Period for re-registration adapter to Keycloak. Useful when application is clustered. See Application Clustering for details

token-store

Possible values are session and cookie. Default is session, which means that adapter stores account info in HTTP Session. Alternative cookie means storage of info in cookie. See Application Clustering for details

principal-attribute

OpenID Connection ID Token attribute to populate the UserPrincipal name with. If token attribute is null, defaults to sub. Possible values are sub, preferred_username, email, name, nickname, given_name, family_name.

turn-off-change-session-id-on-login

The session id is changed by default on a successful login on some platforms to plug a security attack vector. Change this to true if you want to turn this off This is OPTIONAL. The default value is false.

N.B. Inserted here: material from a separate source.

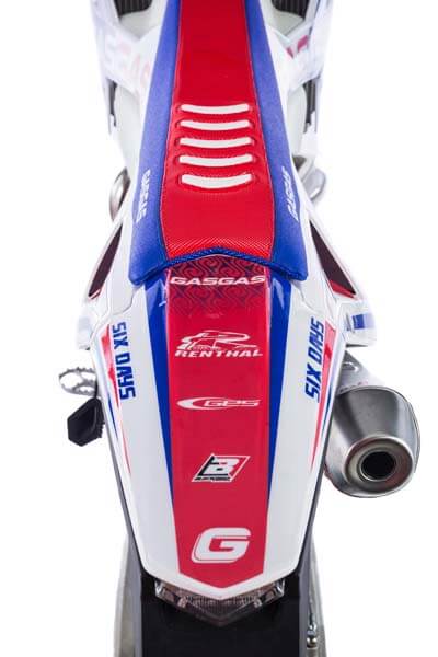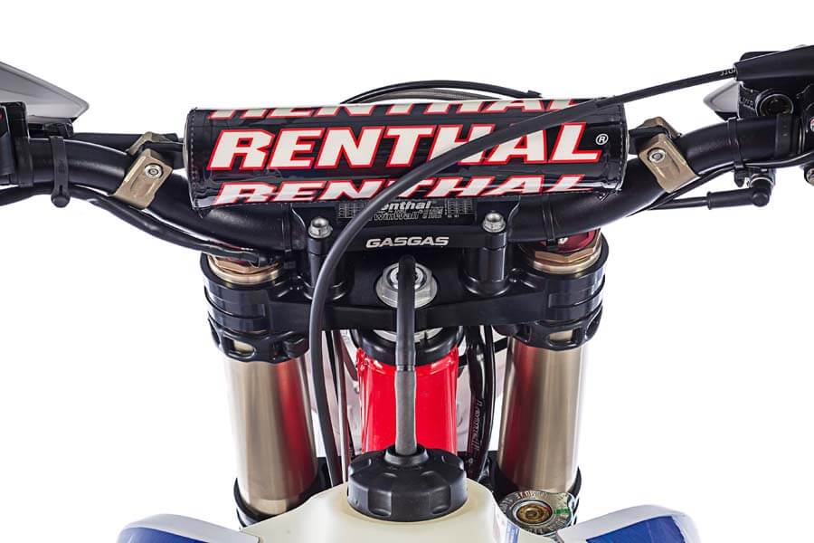 Die neue GasGas SixDays kommt mit einem Renthal Lenker inkl. Mittelstrebe und Polster, sowie Griffgummis ebenso von Renthal. Das Modell ist weltweit auf 400 Stück begrenzt.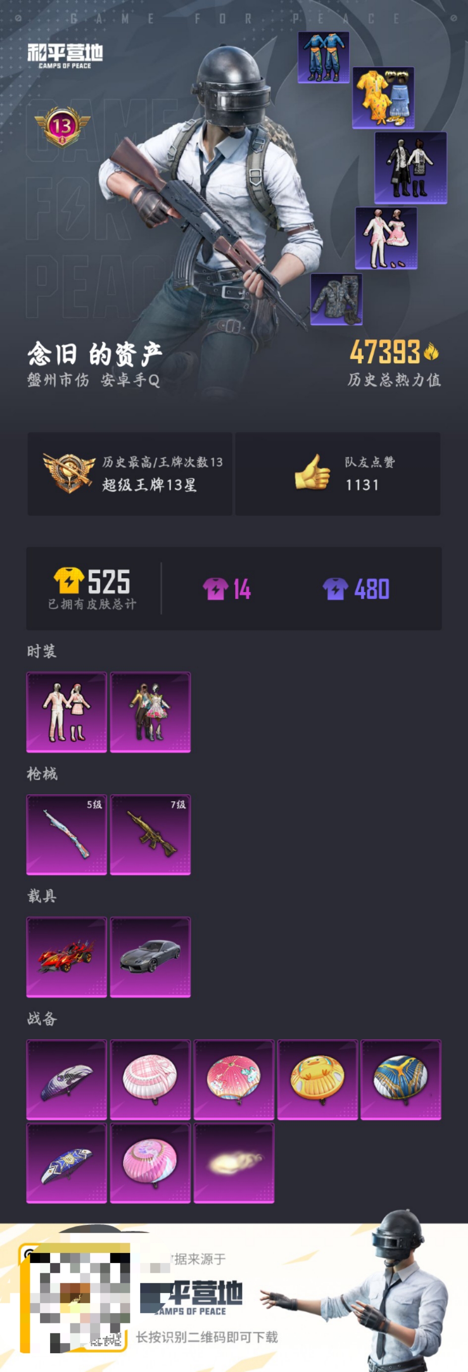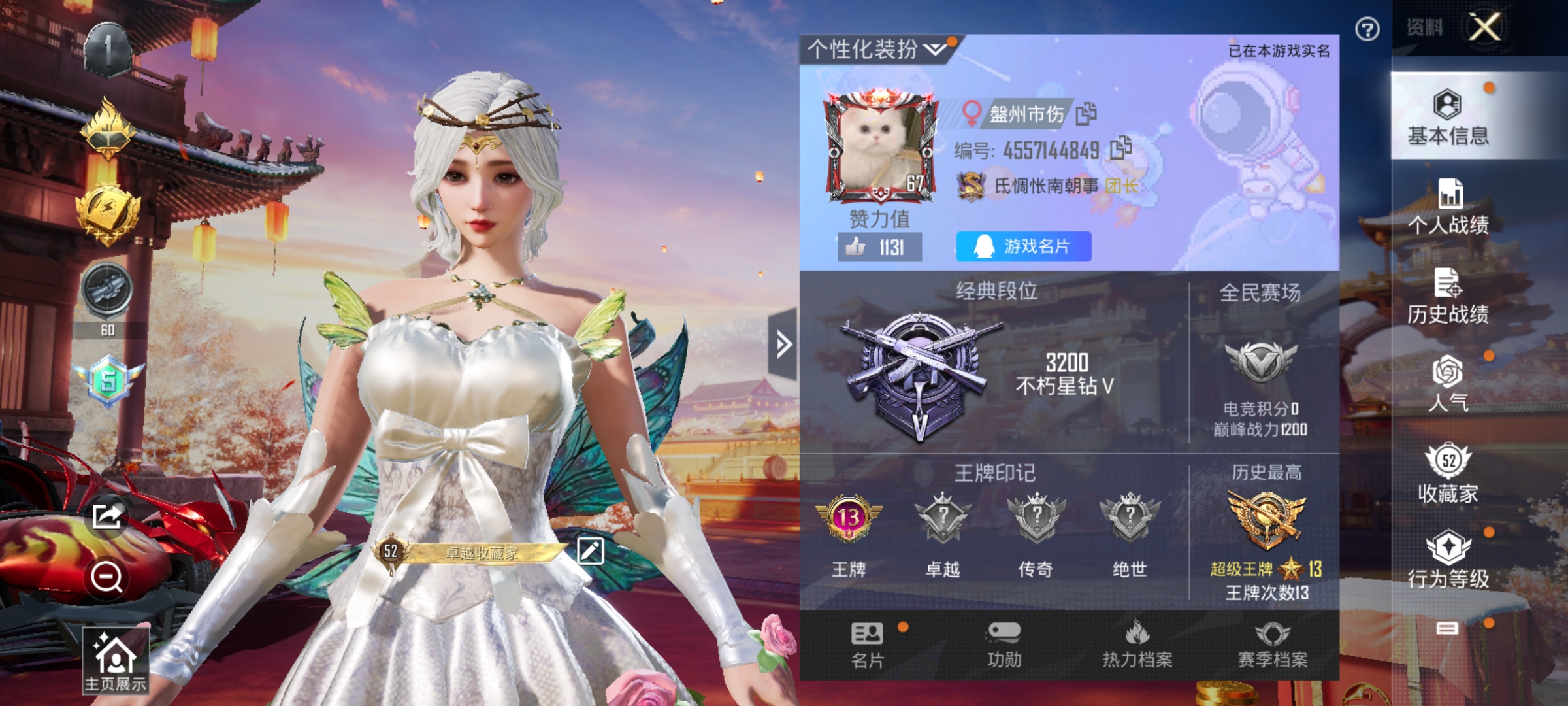[6699770]h3293 实名: 可修改 时装数: 413 载具数: 2 呛械数: 154 战备数: 107 热门装扮: 蝶舞迷情第五大道 载具: 焰龙咆哮兰博基尼estoque银翼灰 稀有呛皮: m416五爪金龙kar98k-巳巳如意 亮点: 精品2粉2特2载具 蝶舞迷情 第五大道 夜幕蓝玛莎

token-minimum-time-to-live

Amount of time, in seconds, to preemptively refresh an active access token with the Keycloak server before it expires. This is especially useful when the access token is sent to another REST client where it could expire before being evaluated. This value should never exceed the realm’s access token lifespan. This is OPTIONAL. The default value is 0 seconds, so adapter will refresh access token just if it’s expired.

min-time-between-jwks-requests

Amount of time, in seconds, specifying minimum interval between two requests to Keycloak to retrieve new public keys. It is 10 seconds by default. Adapter will always try to download new public key when it recognize token with unknown kid . However it won’t try it more than once per 10 seconds (by default). This is to avoid DoS when attacker sends lots of tokens with bad kid forcing adapter to send lots of requests to Keycloak.

public-key-cache-ttl

Amount of time, in seconds, specifying maximum interval between two requests to Keycloak to retrieve new public keys. It is 86400 seconds (1 day) by default. Adapter will always try to download new public key when it recognize token with unknown kid . If it recognize token with known kid, it will just use the public key downloaded previously. However at least once per this configured interval (1 day by default) will be new public key always downloaded even if the kid of token is already known.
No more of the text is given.